Ladbrokes – when’s a good time for some bottom picking?

Ladbrokes

LadbrokesConsumers are ruthless. It doesn’t matter if you’ve been around for 130 years. If you’re not supplying the best product at the lowest price, you’ll lose. Due to a two-pronged attack that Ladbrokes has been as yet unable to fend off, the company looks lately like it’s been falling off a cliff. Its bottom line certainly has. With net income down to just £67M for 2013, that’s a 65% drop year over year. To put that in perspective, the drop from 2008 to 2009 during the global financial meltdown was only 63%, from £200M down to £74M. Ladbrokes is having a hard time, to put it mildly.

The two-pronged attack is coming from both the free market, meaning ruthless consumers abandoning betting houses and moving to digital, and just as ruthless government attacking betting houses legislatively. Both together are packing a one-two punch that has sent the longtime British bookies to the floor. In terms of government, wild Bank of England money printing is significantly upping the cost of doing business. Money supply is growing at a rate of 12% annually according to the latest data. The cost of revenue for Ladbrokes has gone up 46% since 2010 with revenues only increasing 14%. If that isn’t enough, British politicians are raising the profits tax rate on gambling machines from 20% to 25%.

In the moralistic undertones of Chancellor of the Exchequer William Osborne,

Fixed-odds betting terminals have proliferated since gambling laws were liberalized almost a decade ago. These machines are highly lucrative, and therefore it’s right we now raise the duty on them to 25 percent.

In other words, companies like Ladbrokes, whose profits are dropping off a cliff, are supposedly making “so much money” off these machines that the government needs to step in and take more. It’s only “right”. Ladbrokes and other bookmakers should actually be thanking the government for even allowing them to exist in the first place. This is happening all while the government is planning on letting its local municipal attack dogs loose on betting shops over and above the tax hikes.

As for the free market attack, as mentioned this is simply that consumers are moving from betting houses to digital betting. Lad has so far been unsuccessful in revamping its digital efforts at least insofar as current numbers show, and with the brick and mortar betting market stagnant, it’s no wonder its revenues have been just as stagnant.

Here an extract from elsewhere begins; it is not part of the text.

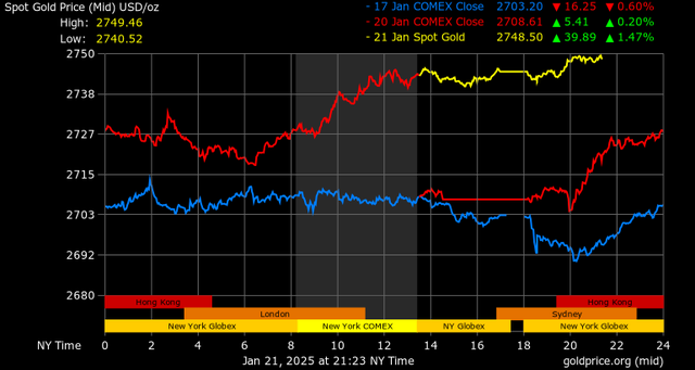 Giá vàng tăng cao hơn, với giá vàng tháng 2 đạt mức cao nhất trong 2,5 tháng, được thúc đẩy bởi sự sụt giảm mạnh của chỉ số đô la Mỹ và lợi suất trái phiếu kho bạc Hoa Kỳ để bắt đầu tuần giao dịch ngắn ngày lễ tại Hoa Kỳ. Thêm vào đó là một số nhu cầu trú ẩn an toàn nhẹ trong bối cảnh bất ổn liên quan đến các chính sách mới của chính quyền Tổng thống Trump.

It is in the midst of all this blackness that Lad’s share price has tumbled 43% since 2013 highs and continues its downward trajectory. The sense of frustration is palpable just by reading the company’s annual report, full of apologetic epithets, one can imagine whoever compiled it cringing and clenching his jaw as he put pen to paper.

But while Ladbrokes may be down, it is not out. From a technical standpoint, the stock is nearing long term support in the £1.20 range which has never been broken. From an operational standpoint, it is closing down 40 to 50 betting shops this year which will free up resources to expand its digital presence and cut down on operating costs. From a sentiment perspective, management has been lowering estimates and expectations like the bar at a professional limbo tournament. While that certainly isn’t “investment sexy,” it will help the stock find a bottom provided that Lad doesn’t underperform its own basement expectations in the upcoming 2 quarters. If anything, they are lowballing in an effort to surprise to the upside.

Is upside possible from here? Sure it is, if the deal with Playtech to enhance its digital performance pans out. So far it hasn’t, but the upgrade, which will streamline customers’ bets into one online wallet, has taken longer than expected. Now the company expects the upgrade to be completed in time for the World Cup in Brazil, which would be more than perfect timing.

As for the tax hikes and other government attacks on betting houses, on the plus side this could simply motivate Lad to transition to digital faster (they’ve certainly taken their sweet time so far), which is the only move that can save them in the end anyway. Fixed odds betting terminals are not a growing market for Lad, even without the legislative threats against them.

In terms of timing, my best guess is this. From an Austrian economics perspective, money supply growth (M2 money supply statistics) has been slowing dramatically in the US over the past two and a half months. The growth rate since mid-January has almost halved. (I go over the concept of M2 and how its growth or lack of it affects the capital markets in this article.) Though money supply in the UK has been growing sharply as explained above, global markets still tend to follow Wall Street, which in turn is effected by M2 in the US. On a macro scale then, all stocks in general are receiving a monetary headwind which could get worse in the coming weeks. It will eventually be reversed when the monetary spigots are opened up even further, but that is several weeks away at least.

The best course of action for Lad bottom pickers then is to wait about 6 weeks for money supply growth in the US to bottom out and reverse. Keep your eyes on the statistics in the link above and don’t pull the trigger until growth rates start to increase again. They are published weekly. It is possible that long term support in the £1.20 range for LAD will be hit within that time frame, at which point one may want to start scaling in. Around June Playtech could come through for World Cup time and Ladbrokes could surprise to the upside, given the extremely low near-term expectations they’ve been setting up for the investment community.